Около института имени Плеханова. 3-й корпус.
Да, мы впали в глубокое уныние. Действительно, никто и не предполагал, что развлекать здесь не намерены. Но мы и не представляли, какие вообще развлечения возможны в домах отдыха в начале 90-х, когда произошло столько изменений после развала союза. Бильярд, катание на лошадях, сауна, кинотеатр, — если щедро выложиться, они предоставлялись только днем. Вечерний же досуг, похоже, у каждого личный. Поскольку даже в коридорах никакого оживления не наблюдалось.
Самая деятельная, каким-то воодушевлением толкаемая, Вера отправлялась несколько раз на разведку и добросовестно обошла все этажи, заглядывая даже в темные закутки корпуса. Она разведывала, не затевают ли где-нибудь под сурдинку какое-нибудь веселье с привлечением общественности, которая томилась от безделья по отдельным номерам. Ну, дискотека какая-нибудь…
Пессимизмом придавленные, мы с Валери лениво развалились поверх казенных покрывал и единственно развлекались представлением, которое выдавала нам Вера своим беспокойным беганием, — то исчезая, то возникая в комнате. С последней вылазки они вернулась, облизываясь, и пожаловалась, что третий этаж жизненно более благополучен — бурлит и пенится от подвижности и шумности. Двери на этаже все распахнуты, и наблюдается перемещение народа из одного номера в другой.

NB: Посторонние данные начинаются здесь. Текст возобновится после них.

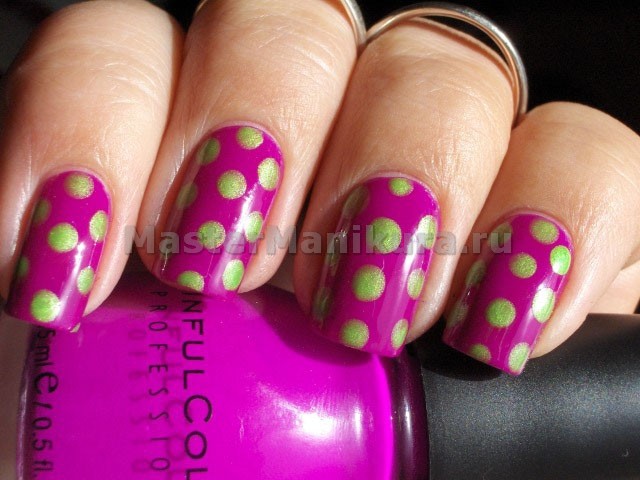 Покрывают ноготь ярким цветом, например, красным или черным. После полного высыхания первого слоя наносят лак другого оттенка точечной кистью. Обычно сочетают несколько цветов, тогда маникюр выглядит стильно и выразительно.

Отчаянно, Вера бросила призыв подниматься с надоевших, ленью и тоской пленяющих кроватей, которые змеиными отростками Тифона пленяют своих жертв и оковывают их неподвижностью. Мы с Валери неуверенно покосились на лихорадившую подругу, не решаясь предпринять поход за приключениями. Ну, не слоняться же нам демонстративно по коридорам! Не так уж трагично складываются обстоятельства, чтобы пользоваться положением легкомысленных девиц.
— Нас еще не довели до этого! — от досады взорвалась Вера. — Заплатили за два дня заключения в этих четырех стенах, которые можно покинуть лишь для того, чтобы поесть в столовой! Тоскливейшее времяпрепровождение! Мы просто законченные идиотки!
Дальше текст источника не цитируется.